**Description of the task:** Under this line are records; the part from the line containing "おしゃれを楽しめるようなバンダナ型、雰囲気のある色合いのタオル地スタイです。" through the line containing "For any queries" should be repeated exactly. Please exclude pictures.

**Records to process:**
- Opening Delimiter -
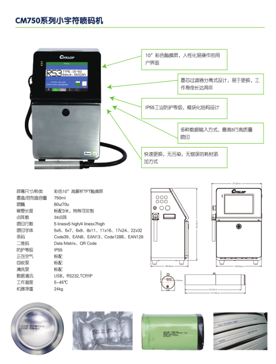 德國(guó)賽克集團(tuán)是全球領(lǐng)先的包裝機(jī)械設(shè)備和材料的供應(yīng)商之一,總部位于德國(guó)科隆,迄今已有一百多年的歷史。公司最新研發(fā)的CM750小字符噴碼機(jī)旨在高頻率的生產(chǎn)環(huán)境中,滿足客戶非常嚴(yán)苛的標(biāo)準(zhǔn)和多種多樣的噴印需求。在復(fù)雜環(huán)境下的可靠運(yùn)行,高質(zhì)量的噴印控制,使每個(gè)字符都趨完美:清晰易讀的10寸觸摸屏,帶來(lái)簡(jiǎn)單易用的設(shè)置、維護(hù)和操作:部件可單獨(dú)更換和落劑節(jié)省系統(tǒng),大大節(jié)省成本:強(qiáng)大和靈活的多種數(shù)據(jù)噴印功能,擴(kuò)展能力強(qiáng)。
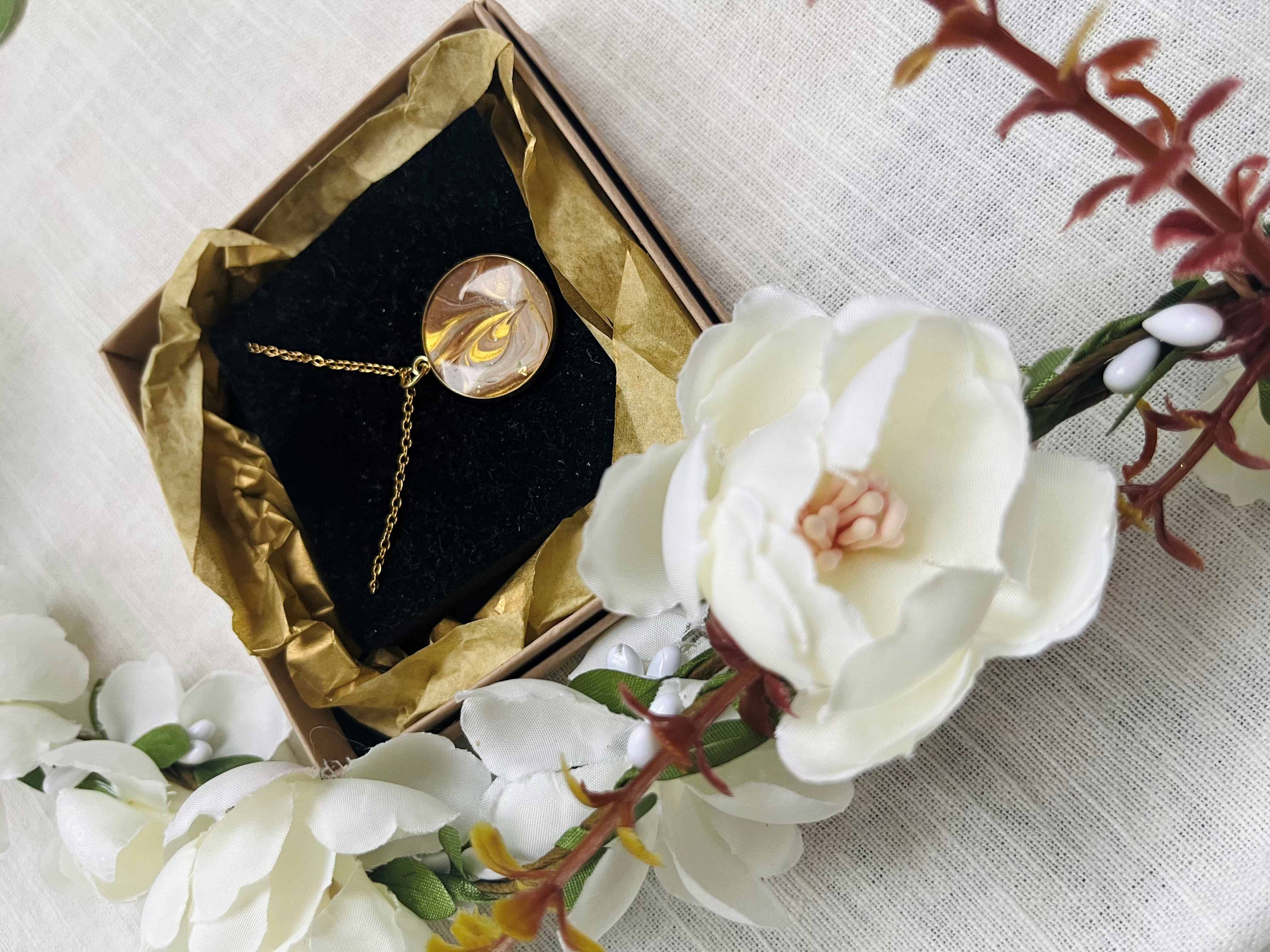 Riipus ja ketju 18K kullattua kirurginterästä. Riipuksen halkaisija 20mm, ketjun pituus 49cm. Riipuksessa pala aitoa taideteosta, jonka päällä läpikuultava lasimainen epoksi hartsi pinnoitus. Pinnoitus on kestävää materiaalia ja korun kastumista ei myöskään tarvitse välttää.
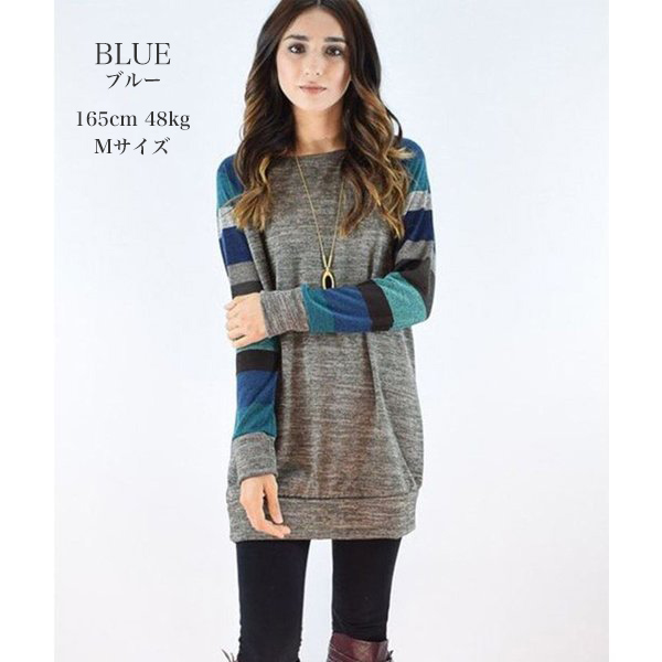チュニック 50代 着こなし レディース トップス ボーダー カラフル ニット
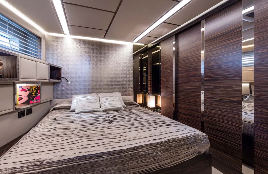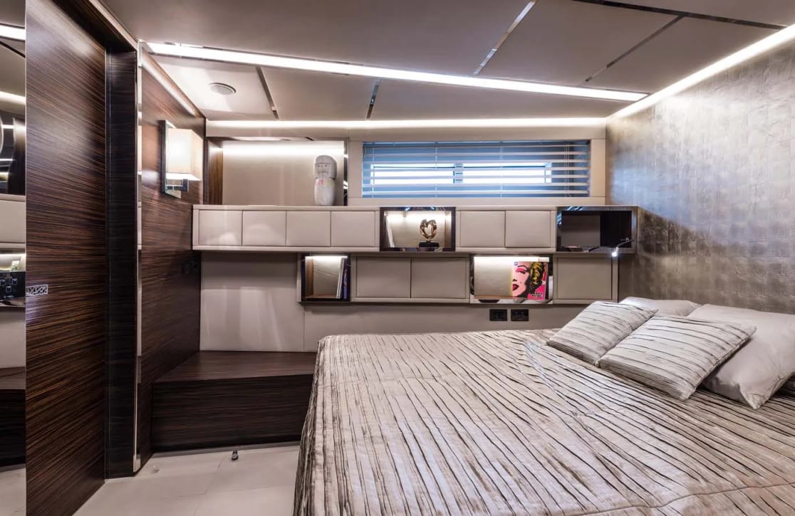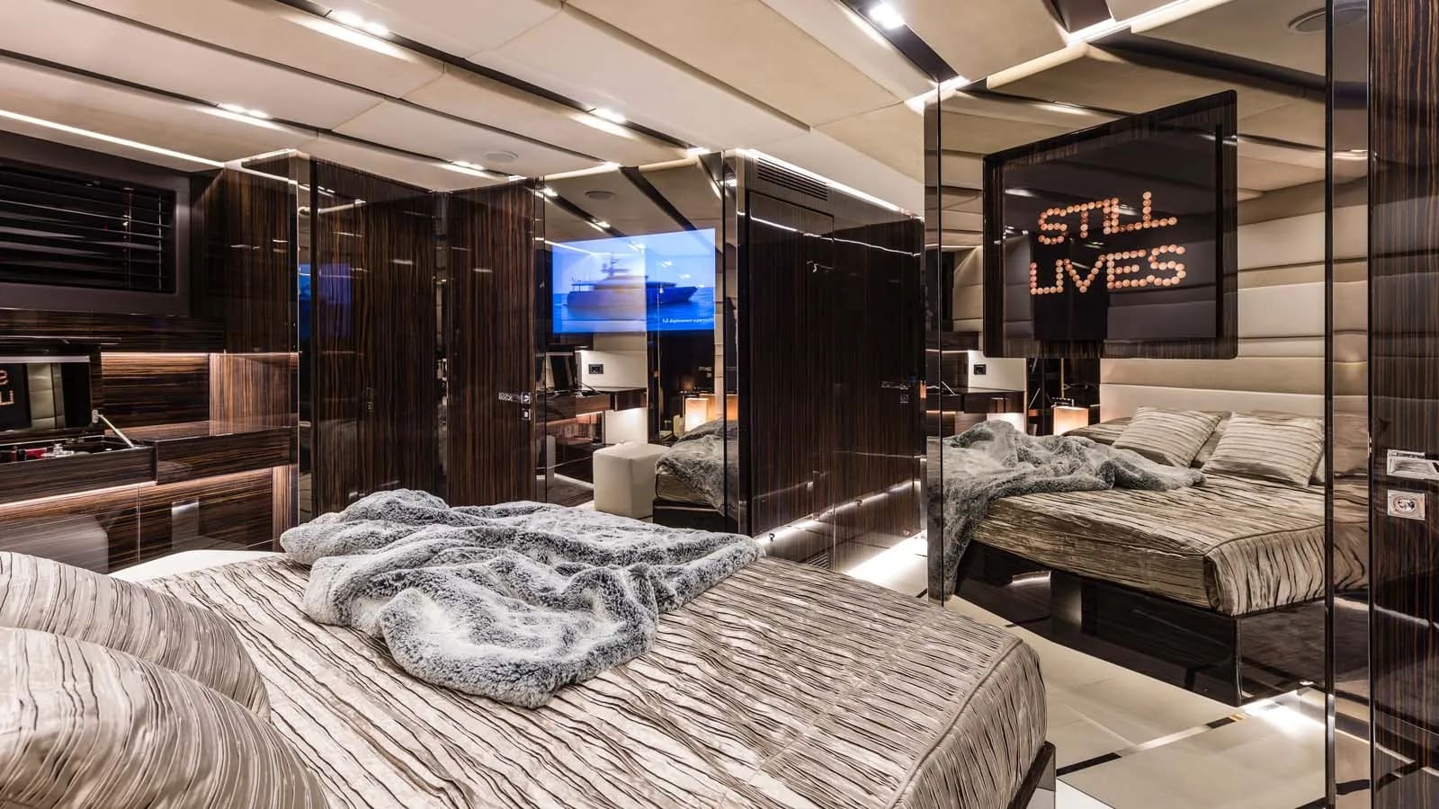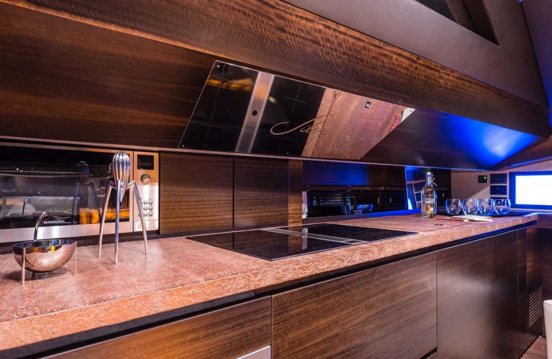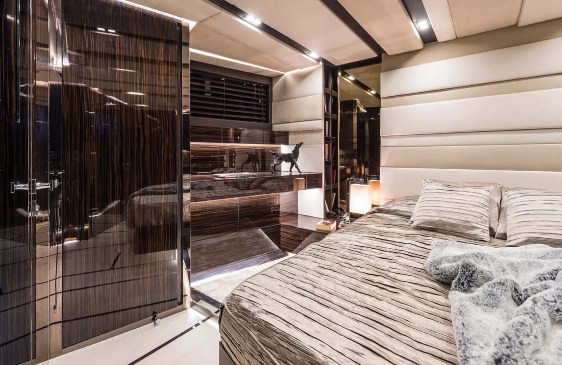 Gigreca welcomes up to eight guests into its beautifully appointed quarters, where restful nights and refreshing mornings await. The master suite offers a haven of tranquility, complemented by a VIP cabin, a double cabin, and a twin cabin, each designed with exquisite attention to detail. Wake up to the gentle lull of the waves and the promise of a new day’s adventures, enveloped in the comfort and elegance that only a yacht of this caliber can provide.
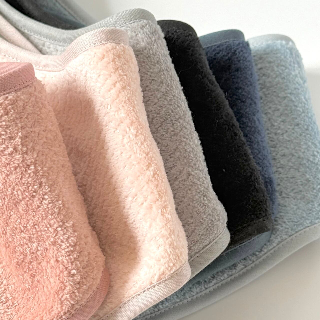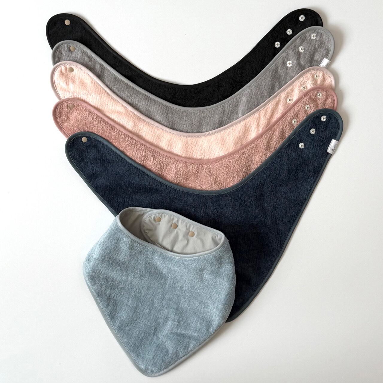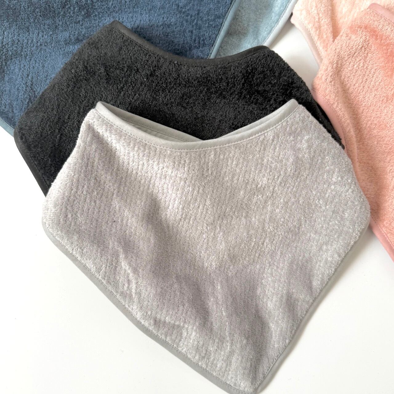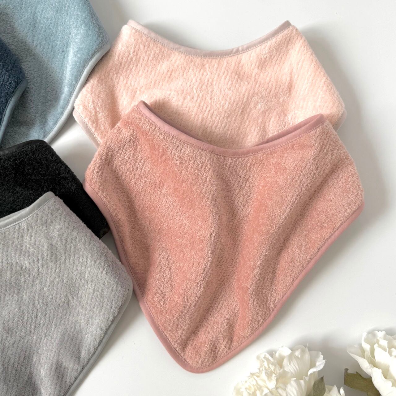 おしゃれを楽しめるようなバンダナ型、雰囲気のある色合いのタオル地スタイです。
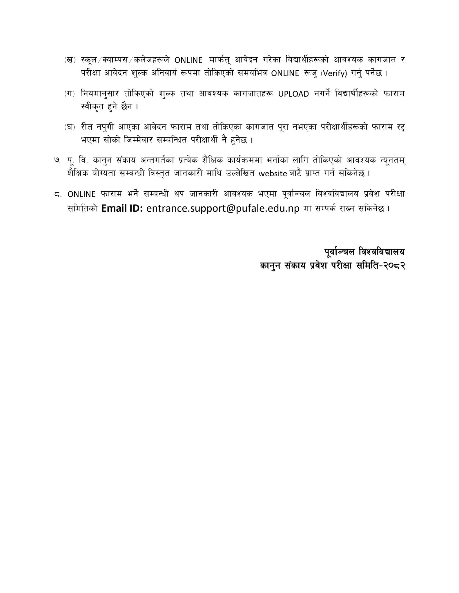 For any queries related to the online application form or required documents, applicants may contact the Purbanchal University Entrance Examination Committee at:
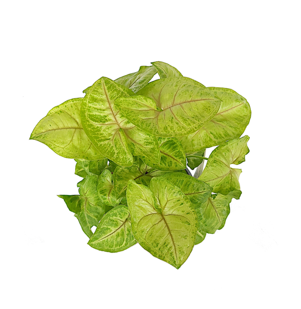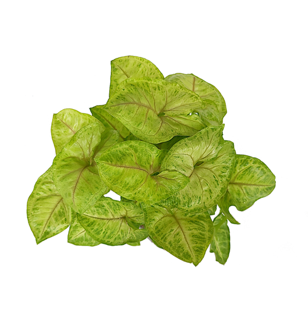Fris groene kamerplant met pijlvomige bladeren en roze nerf.
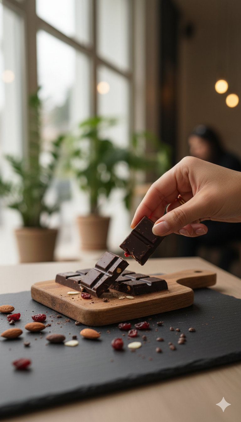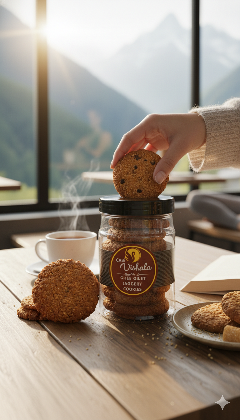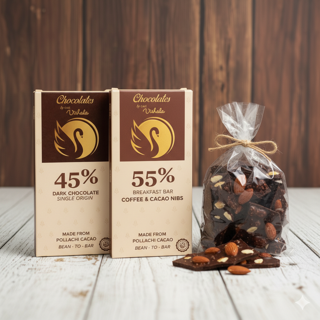Our journey begins at the foothills of Pollachi, where we source single-origin cacao directly from sustainable, mineral-rich farms. But the secret isn't just in the soil. Every batch of our bean-to-bar chocolate and artisan cookies is mindfully crafted by meditators, ensuring that the energy in your food is as clean and balanced as the ingredients themselves. No chemicals, no industrial rush—just pure, slow-made nourishment for your best self."
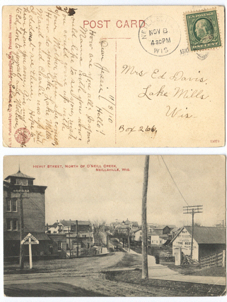 Neillsville State Bank Opening, Neillsville Waterworks (1909), Hewit/Hewitt St., Neillsville, WI 8 NOV 1910, Neillsville--Water Works & Grand Ave. Bridge (circa 1915), Mouth of O'Neill Creek (1911),
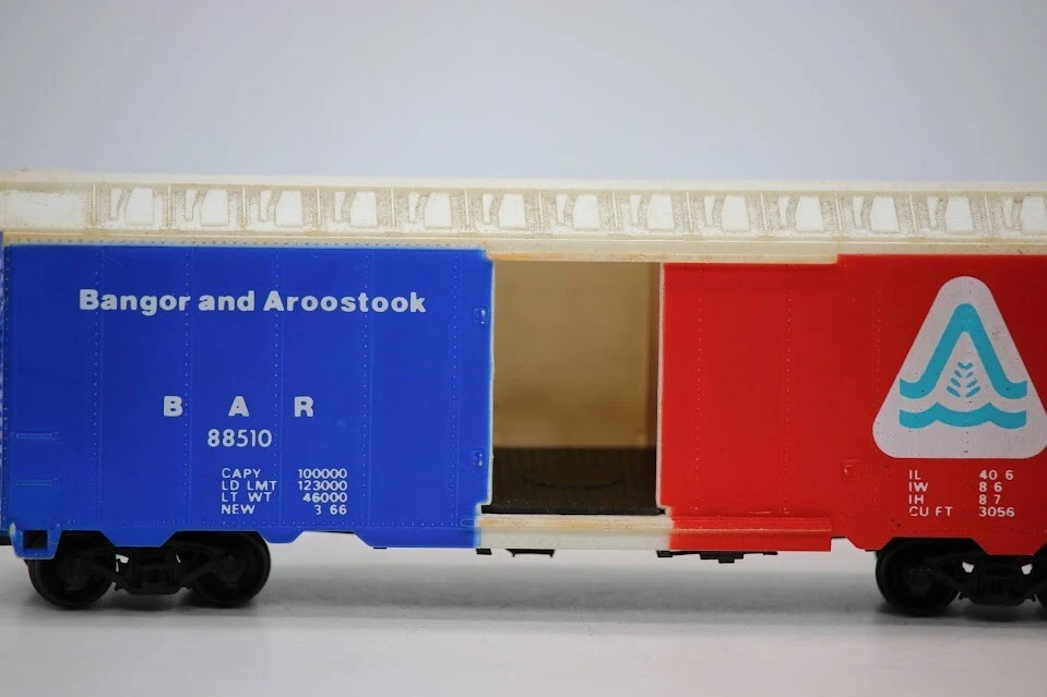 LIONEL HO SCALE: BANGOR & AROOSTOOK BAR #88510 STEEL BOXCAR. VINTAGE, RED WHITE SKU#006526 Look closely at the pictures to see further details. We ships USPS PLEASE see photos for detailed condition!! PLEASE LOOK AT THE PHOTOS CAREFULLY BEFORE PURCHASING!! If you are purchasing more than one item from us and would like combined shipping, PLEASE request an adjusted invoice from us while still in the cart and BEFORE paying. eBay does not usually calculate combined shipping accurately and you might get overcharged. Please be aware that when we photograph items, we use lighting that will show the details well. Although we try to present the product as accurately as possible, the lighting may affect the overall look of the item by appearing lighter/darker or possibly a different hue than the actual item. Depending on the type of lighting you have in your home, there may be some differences between the photos and the actual item. If this is a concern of yours, please feel free to request additional photos made in natural lighting or ask for a more detailed description of the item PRIOR TO PURCHASE! PLEASE NOTE: We greatly appreciate your interest in our item for sale. We look forward to a pleasant, quick and satisfying transaction for everybody, so please note the following information before bidding. Thank you! ITEM DESCRIPTIONS: * We will try to describe items well and provide plenty of photos. Please review these carefully before bidding or purchasing. * Only the items pictured and described are what you will receive when purchased. * We will occasionally offer an item clearly marked "AS-IS". This means that we are not sure if it works because we are unable to test it for whatever reason. We will offer these at a discounted price then a similar "working" item. It is possible that these items will work fine, but it also is possible that these items are more useful for their parts. Please only bid on or purchase these items if you are well aware of this, as we will only provide refunds of actual item price (no shipping cost refunds) for these items. * If you have any questions that aren't addressed by the descriptions or photos, please feel free to ask before you bid. * There may be pieces that are missing or broken including, but not limited to, couplers, brake wheels, steps, ladders, railings, minor rust spots or cracks, etc. May need detailed cleaning SHIPPING: * We usually do not offer shipping to international addresses, but ARE WILLING TO TAKE CONSIDERATIONS. * We try to pack items as carefully as possible, but damage may occur during shipping. If you receive an item that was damaged in shipping, please contact us and we will work with you to resolve the problem. * We will combine shipping costs for all items the same buyer purchases from us within 2 days. Please wait to pay for items until you're done shopping with us. Please contact us if you're expecting to buy more items from us, or to have us adjust the shipping costs. * We will usually ship items out within 24 hours of payment being received Sunday through Friday at noon. We will notify the buyer if there will be a delay in shipping for some reason. Please allow additional time for holidays and weekends when the post office is closed. If payment is received after noon (EST) on Friday, the item might not be shipped until the following Monday. * We do try to recycle shipping materials as much as possible. RETURNS: We abide by eBay's Money Back Guarantee. We definitely want our customers to be happy with their purchase! You may return an item within 30 days of receiving it with the following guidelines: * If the item is defective or damaged (unless we clearly marked the listing "AS-IS"), the buyer will receive a full refund after the buyer returns it and it is received by us. Customers who falsely claim their item is defective, damaged, or not as described in order to receive a full refund and free return shipping will be permanently blocked from making future purchases from us. * If the item is as described (including "AS-IS" items) and the buyer decides for any other reason than defective/damaged to return it, only the actual price of the item will be refunded once it has been returned and it is received by us. The buyer will be asked to pay all original and return shipping charges. This includes all reasons other than defective/damaged, including wrong size, wrong type, changed mind, etc. All "AS-IS" items will fall into this category of return. Please make sure the item is what you want before purchasing it. * Please contact us before initiating a refund request. FEEDBACK: We always leave feedback at the end of transaction. We consider the transaction to be over when we receive feedback from the buyer confirming the item arrived satisfactorily. If you are unsatisfied with your purchase please contact us before leaving neutral or negative feedback. WE APPRECIATE POSITIVE FEEDBACK IF YOU ARE SATISFIED WITH YOUR PURCHASE! THANK YOU FOR YOUR INTEREST IN THIS ITEM!
- Closing Delimiter -
**Task solution:**
 おしゃれを楽しめるようなバンダナ型、雰囲気のある色合いのタオル地スタイです。
 For any queries related to the online application form or required documents, applicants may contact the Purbanchal University Entrance Examination Committee at:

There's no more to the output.